You don’t need me to tell you that times are tough. Not only is the cliché about living one paycheck away from disaster absolutely true; for many who have jobs, the crisis is already here, and it never ends.
You’ve probably heard about at least one of the many studies in the last few years showing how precariously workers are living. A recent example says that almost half of U.S. residents can’t afford even a $400 emergency, such as an unexpected medical bill or car repair.
Millions are working more hours for fewer wages than before the Great Recession a decade ago. Others are desperate for more work. Many of us are supplementing low-wage, no-benefit jobs with gig work (Uber, Lyft, etc.). Others are working in inhuman conditions at Amazon.com fulfillment centers, where every step and bathroom break is timed to the second.
Families are doubling up, tripling up, living in garages and cars as rents climb through the roof. Nowhere in the U.S. can a person earning the minimum wage afford to rent a two-bedroom apartment. In May, the median cost for a month’s rent on a one-bedroom apartment in New York City was $2,980.
Profits have soared since the government bailed out big banks and companies with workers’ tax dollars during the Great Recession. But wages have not. Even as the official unemployment rate fell in September — while leaving millions of underemployed and permanently unemployed workers uncounted — average wages actually fell.
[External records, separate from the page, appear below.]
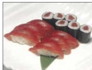
326. Sushi 17,50 Thunfisch-Sushi
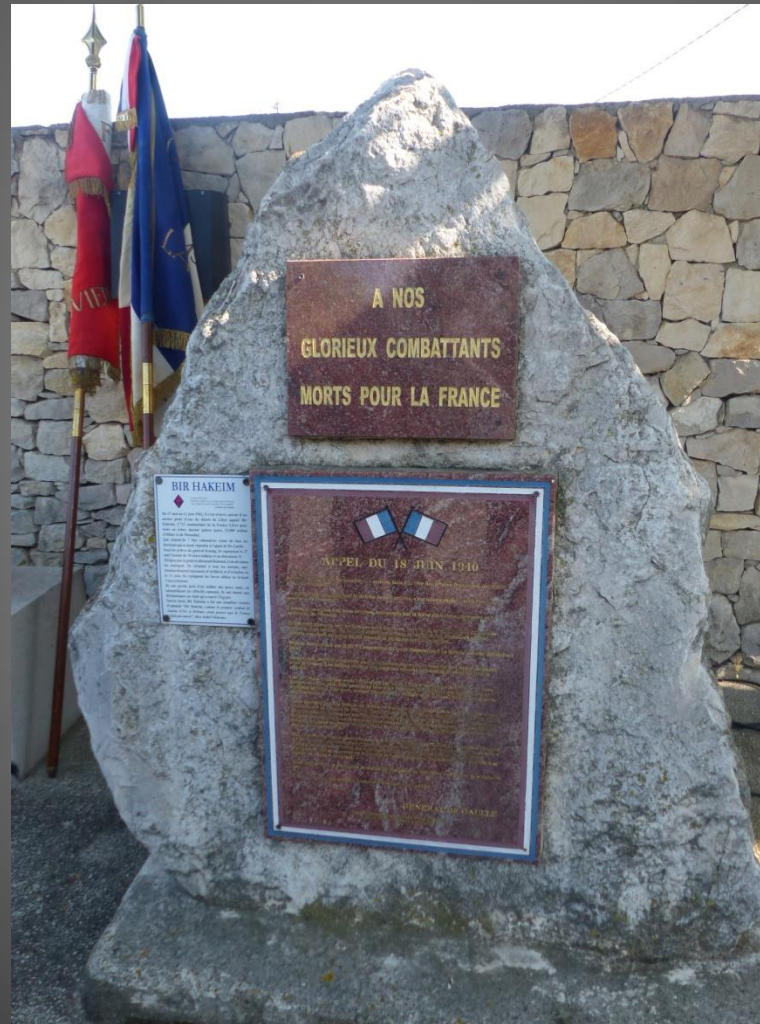
LA FARE _ Stèle en mémoire de l'Appel du Général de Gaulle depuis Londres Le 18 juin 1940.
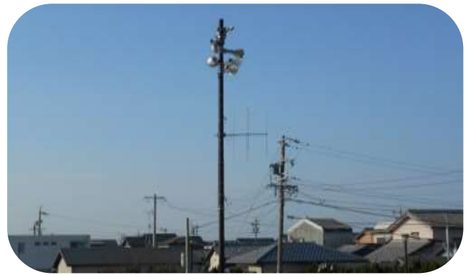
塩浜地区連合自治会 放送設備設置事業実行委員会
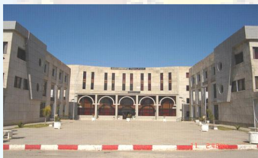
Faculté de Mathématiques.
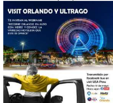
Visit Orlando y Ultrago
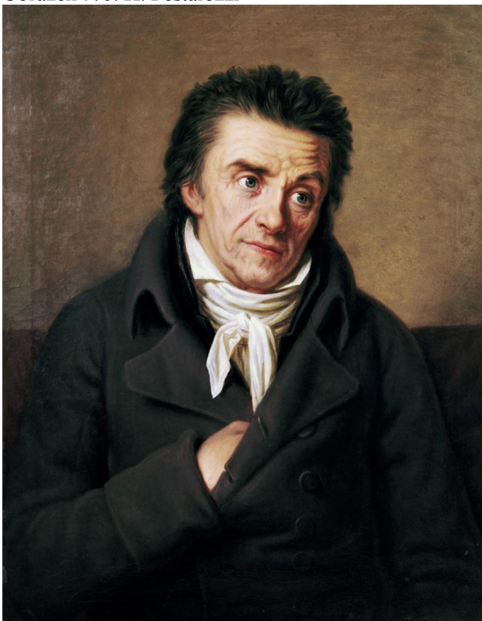
Obrázek 5: J. H. Pestalozzi

/www.myartprints.cz/a/schoener-georg-friedrich/portret-johann-heinrich .
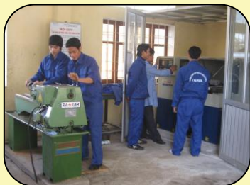
Thực hành nghề Cắt gọt kim loại
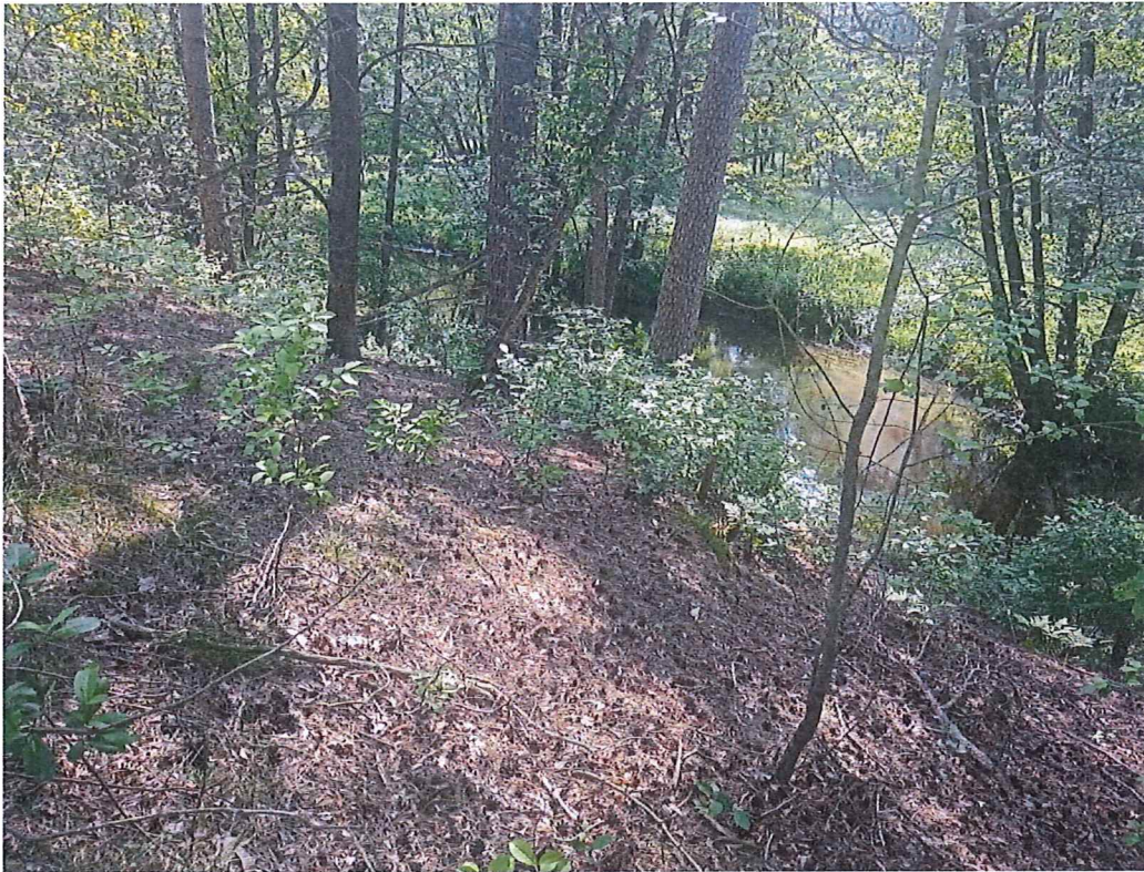
Fot. 2 Widok na teren zagrożony – zbocze podcinane przez rzekę Myślę.
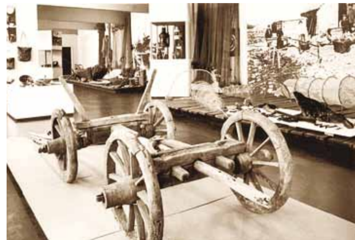
Kirovi muuseumi näituseruum oli nii avar, et seal oleks võinud hobuse ja vankriga sõita.

27. juunil 2000. aastal asutati ME Vival juurde filiaalina Naissaare Muuseum. 2000. aasta sügisel nimetati Munitsipaal-ettevõtte Vival ümber ja uueks nimeks sai Munitsi-
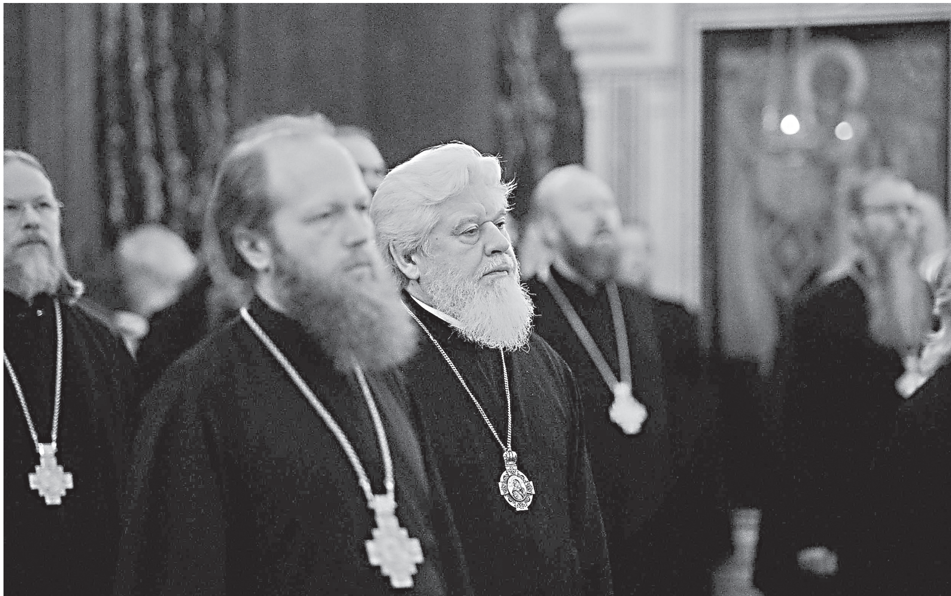
Участники Архиерейского Собора, проходящего в Москве 29 ноября - 2 декабря 2017 г.

В этом году мы вспоминаем начало, ровно век тому назад, гонений на Русскую Православную Церковь, которая в XX веке явила всему миру сонм мучеников и исповедников, чья кровь, по определению древнего апологета Тертуллиана, является «семенем христианства». Главное сокровище и наследие, переданное нам новомучениками и исповедниками Церкви Русской, — это их любовь ко Христу и к ближним, ради которых они положили свою душу (ср. Ин. 15, 13). Мы живем сегодня в совсем других условиях, намного более благоприятных. Но мы призваны следовать примеру новомучеников в их деятельной любви к Богу и людям. Наша любовь к самим новомученикам должна выражаться в сохранении живого свидетельства об их подвиге.
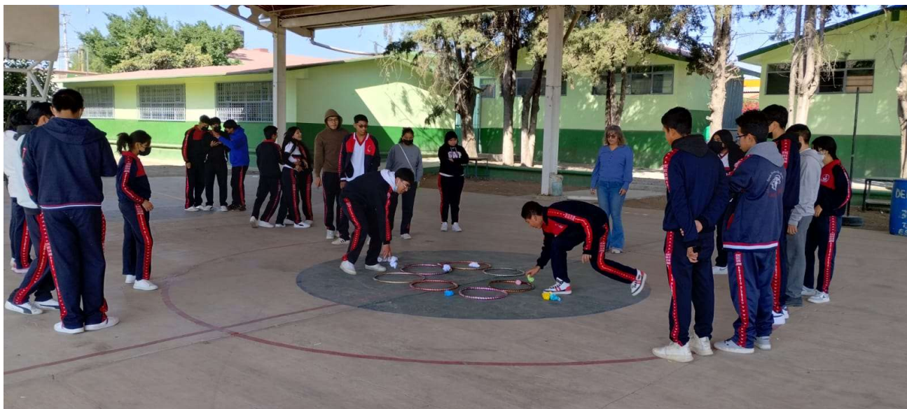
Imagen 2: Sesión 1 de trabajo de taller de fortalecimiento socioemocional
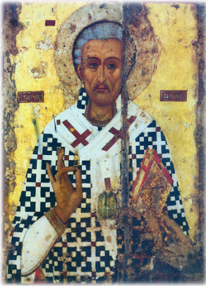
Ὁ Ἅγιος Λάζαρος.
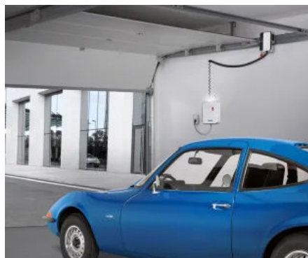
Integrierter Drucktaster | Einfacheres Öffnen und Schließen des Tors.
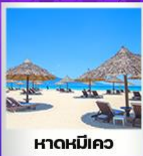
หาดหมีคว
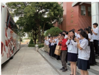
管樂社全員與二中師長一同迎接日本師生到來

The gap between the rich and the rest of us continues to grow, aggravated by President Donald Trump’s tax cuts for the wealthy (who barely paid taxes to begin with). A Federal Reserve report showed that the top 1 percent gained $21 trillion in wealth since 1989, while the bottom 50 percent lost $900 billion. New data from the U.S. Census Bureau show income inequality is at the highest level in more than 50 years.
But these general trends, stark as they are, don’t tell the whole story. For Black, Latinx, Indigenous, Arab and Asian workers, for women and lesbian, gay, bisexual, transgender, queer and two-spirit workers, for migrants and refugees, young and disabled workers, there is discrimination in hiring, wages are lower, jobs more precarious, and there is the constant danger of repression, sexual assault or deportation.
As if all this wasn’t bad enough, now we’re bombarded with warnings that a new recession is starting….
Manufacturing employment hours declined in September.